Poco a poco la película deja de hablar de Fernando, de Jennifer o incluso de la migración. Empieza a hablar de la mirada que los observa. Todo parece existir para confirmar una intuición previa sobre el mundo. No hay descubrimiento, apenas confirmación.

Quizá por eso el filme resulta tan funcional a cierta lógica de los festivales internacionales, siempre fascinados por relatos que convierten las fracturas sociales de América Latina en objetos culturales fácilmente exportables. Franco conoce perfectamente ese circuito y sabe cómo operar dentro de él. El problema es que la distancia que mantiene respecto a aquello que representa termina pareciéndose demasiado a la distancia que mantiene respecto a las personas que lo habitan.

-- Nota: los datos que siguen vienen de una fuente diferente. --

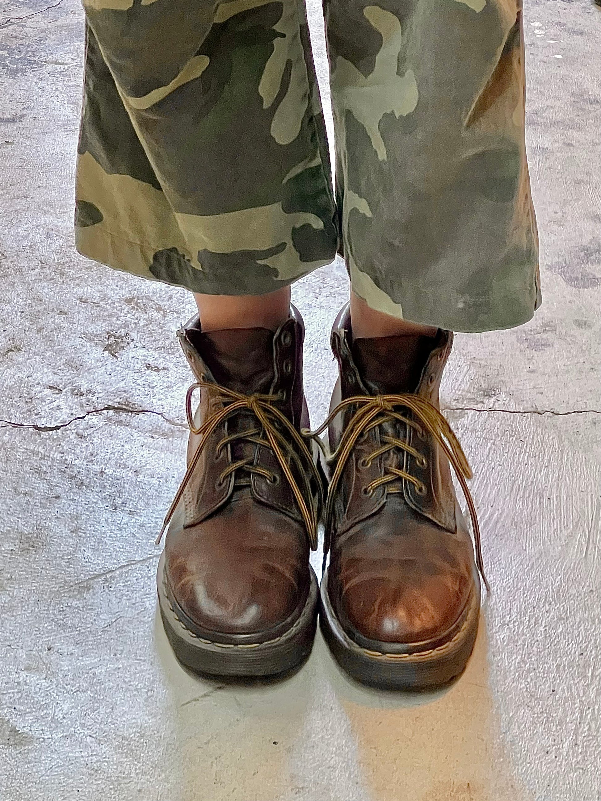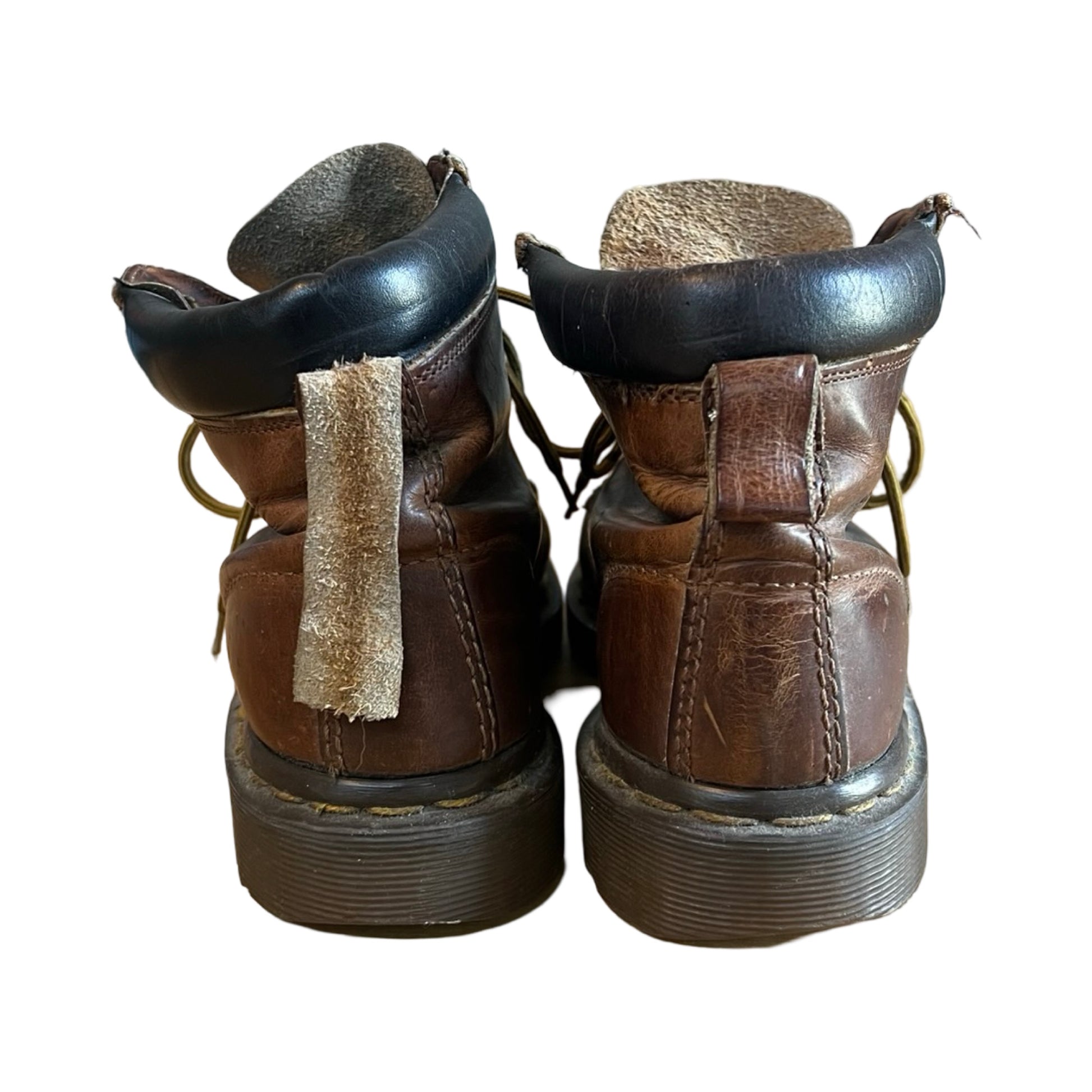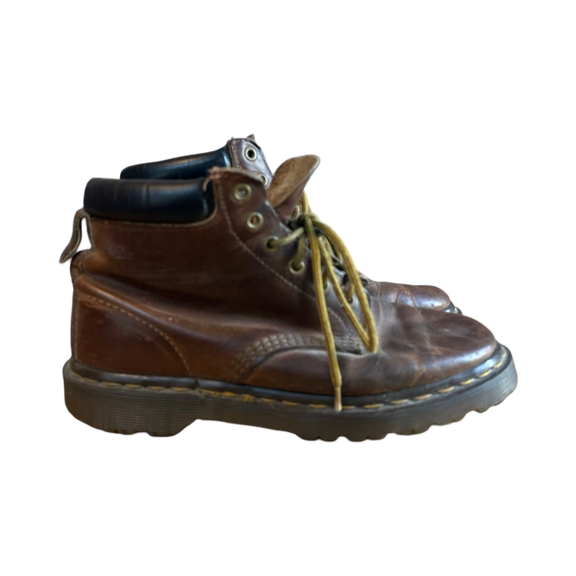 Vintage worn and distressed Dr. Martens Saxon boots. Scuffed, worn, and already broken in (the hardest part with docs), aftermarket hiking boot laces, padded back, good condition, back tab unattached on left boot, tons of life left in these beauties. Size worn off, fits womens 8/8.5 men’s 7.

Hablar de un conflicto urgente no exime a una película de banalizarlo. La importancia de un tema no garantiza la profundidad de una mirada.

En el universo de Michel Franco, el mundo aparece como un lugar brutal habitado por individuos egoístas y despiadados. Pero esa aparente democratización de la crueldad oculta algo más problemático: la caricaturización recurrente de las clases populares, la ausencia de las estructuras que producen esa violencia y la tendencia a presentar los conflictos como si todos ejercieran y padecieran la misma violencia por igual. El resultado es una mirada donde las responsabilidades históricas terminan diluyéndose en una tragedia moral abstracta.

Por eso el plano final de Dreams no se siente como una tragedia. Se siente como una forma de consuelo. Un gesto que transforma a los beneficiarios del sistema en sus víctimas más conmovedoras. Un llanto silencioso que, lejos de cuestionar el orden existente, parece pedir comprensión para quienes más se benefician de él.